Repeat all of the data word for word so that only the pictures are missing from the copy.

══════════

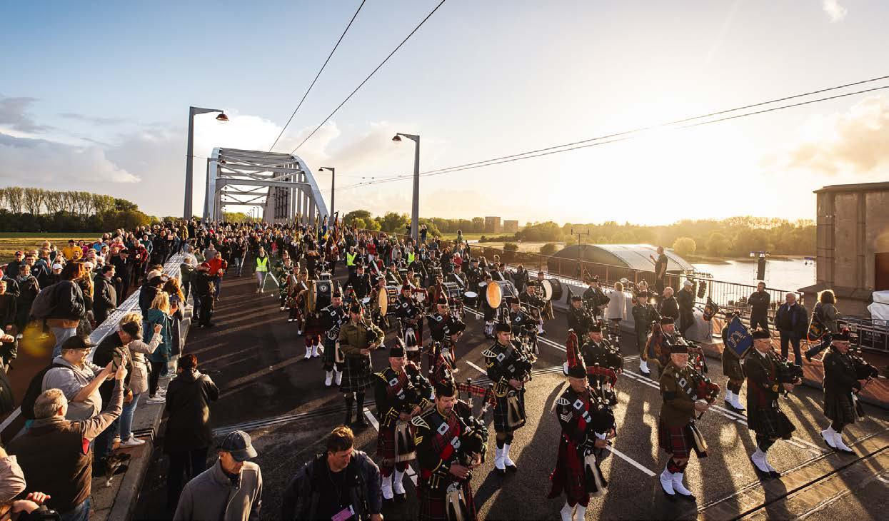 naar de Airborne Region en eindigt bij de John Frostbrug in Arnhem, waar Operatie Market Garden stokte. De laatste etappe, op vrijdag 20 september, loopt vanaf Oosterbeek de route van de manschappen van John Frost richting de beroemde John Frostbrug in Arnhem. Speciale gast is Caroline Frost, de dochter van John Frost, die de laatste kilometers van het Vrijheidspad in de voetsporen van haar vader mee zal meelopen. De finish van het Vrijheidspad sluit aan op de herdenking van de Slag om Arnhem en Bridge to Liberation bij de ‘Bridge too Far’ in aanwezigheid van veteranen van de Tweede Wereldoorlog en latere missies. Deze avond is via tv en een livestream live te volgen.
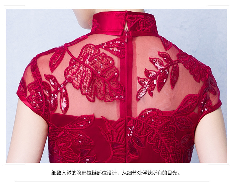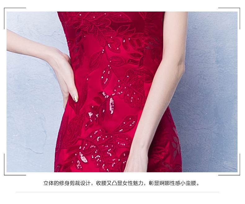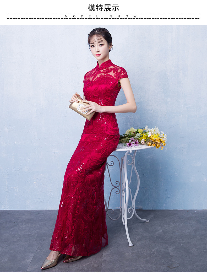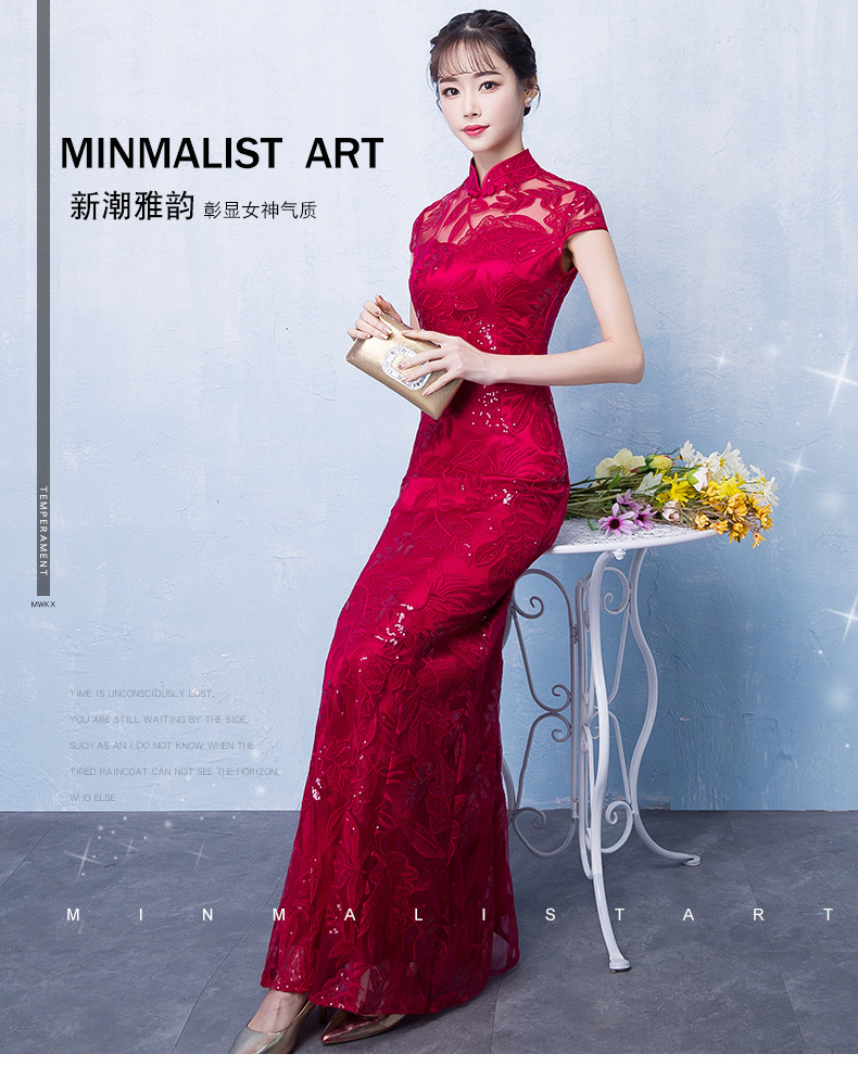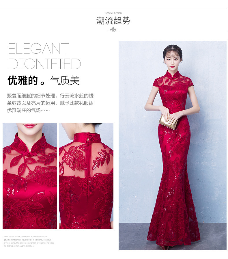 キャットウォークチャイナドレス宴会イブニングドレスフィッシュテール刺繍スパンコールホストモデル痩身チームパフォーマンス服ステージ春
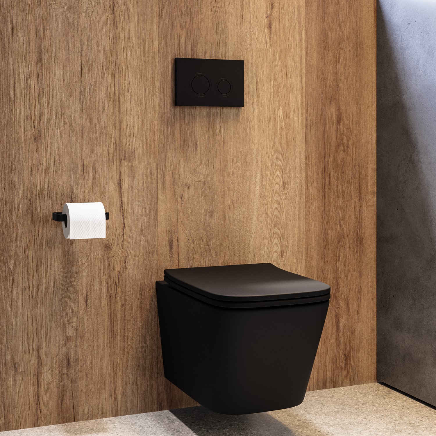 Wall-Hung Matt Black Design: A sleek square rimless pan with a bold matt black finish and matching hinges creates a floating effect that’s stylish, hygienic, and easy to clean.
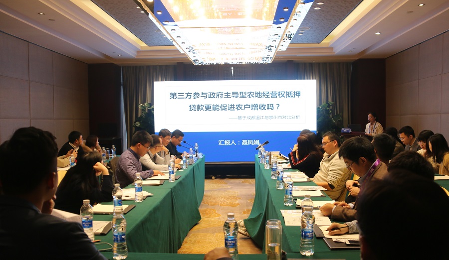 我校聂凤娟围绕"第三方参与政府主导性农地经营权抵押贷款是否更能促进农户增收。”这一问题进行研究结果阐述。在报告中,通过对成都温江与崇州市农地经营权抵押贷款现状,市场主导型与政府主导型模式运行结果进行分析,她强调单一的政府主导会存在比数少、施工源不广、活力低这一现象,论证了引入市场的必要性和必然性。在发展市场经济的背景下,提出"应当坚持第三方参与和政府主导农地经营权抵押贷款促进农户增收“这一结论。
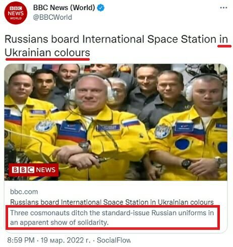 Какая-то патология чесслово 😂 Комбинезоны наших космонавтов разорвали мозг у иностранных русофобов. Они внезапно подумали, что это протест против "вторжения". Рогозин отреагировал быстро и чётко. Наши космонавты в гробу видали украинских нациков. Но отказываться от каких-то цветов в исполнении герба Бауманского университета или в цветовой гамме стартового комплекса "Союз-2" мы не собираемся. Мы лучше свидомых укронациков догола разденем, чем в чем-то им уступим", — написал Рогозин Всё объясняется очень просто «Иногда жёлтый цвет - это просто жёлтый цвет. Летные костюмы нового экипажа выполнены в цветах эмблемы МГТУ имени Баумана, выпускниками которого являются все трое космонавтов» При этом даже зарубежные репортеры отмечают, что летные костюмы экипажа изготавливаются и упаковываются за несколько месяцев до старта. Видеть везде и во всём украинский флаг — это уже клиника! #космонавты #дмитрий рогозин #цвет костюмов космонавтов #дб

══════════

Output of the exercise ::
 naar de Airborne Region en eindigt bij de John Frostbrug in Arnhem, waar Operatie Market Garden stokte. De laatste etappe, op vrijdag 20 september, loopt vanaf Oosterbeek de route van de manschappen van John Frost richting de beroemde John Frostbrug in Arnhem. Speciale gast is Caroline Frost, de dochter van John Frost, die de laatste kilometers van het Vrijheidspad in de voetsporen van haar vader mee zal meelopen. De finish van het Vrijheidspad sluit aan op de herdenking van de Slag om Arnhem en Bridge to Liberation bij de ‘Bridge too Far’ in aanwezigheid van veteranen van de Tweede Wereldoorlog en latere missies. Deze avond is via tv en een livestream live te volgen.
 キャットウォークチャイナドレス宴会イブニングドレスフィッシュテール刺繍スパンコールホストモデル痩身チームパフォーマンス服ステージ春
 Wall-Hung Matt Black Design: A sleek square rimless pan with a bold matt black finish and matching hinges creates a floating effect that’s stylish, hygienic, and easy to clean.
 我校聂凤娟围绕"第三方参与政府主导性农地经营权抵押贷款是否更能促进农户增收。”这一问题进行研究结果阐述。在报告中,通过对成都温江与崇州市农地经营权抵押贷款现状,市场主导型与政府主导型模式运行结果进行分析,她强调单一的政府主导会存在比数少、施工源不广、活力低这一现象,论证了引入市场的必要性和必然性。在发展市场经济的背景下,提出"应当坚持第三方参与和政府主导农地经营权抵押贷款促进农户增收“这一结论。
 Какая-то патология чесслово 😂 Комбинезоны наших космонавтов разорвали мозг у иностранных русофобов. Они внезапно подумали, что это протест против "вторжения". Рогозин отреагировал быстро и чётко. Наши космонавты в гробу видали украинских нациков. Но отказываться от каких-то цветов в исполнении герба Бауманского университета или в цветовой гамме стартового комплекса "Союз-2" мы не собираемся. Мы лучше свидомых укронациков догола разденем, чем в чем-то им уступим", — написал Рогозин Всё объясняется очень просто «Иногда жёлтый цвет - это просто жёлтый цвет. Летные костюмы нового экипажа выполнены в цветах эмблемы МГТУ имени Баумана, выпускниками которого являются все трое космонавтов» При этом даже зарубежные репортеры отмечают, что летные костюмы экипажа изготавливаются и упаковываются за несколько месяцев до старта. Видеть везде и во всём украинский флаг — это уже клиника! #космонавты #дмитрий рогозин #цвет костюмов космонавтов #дб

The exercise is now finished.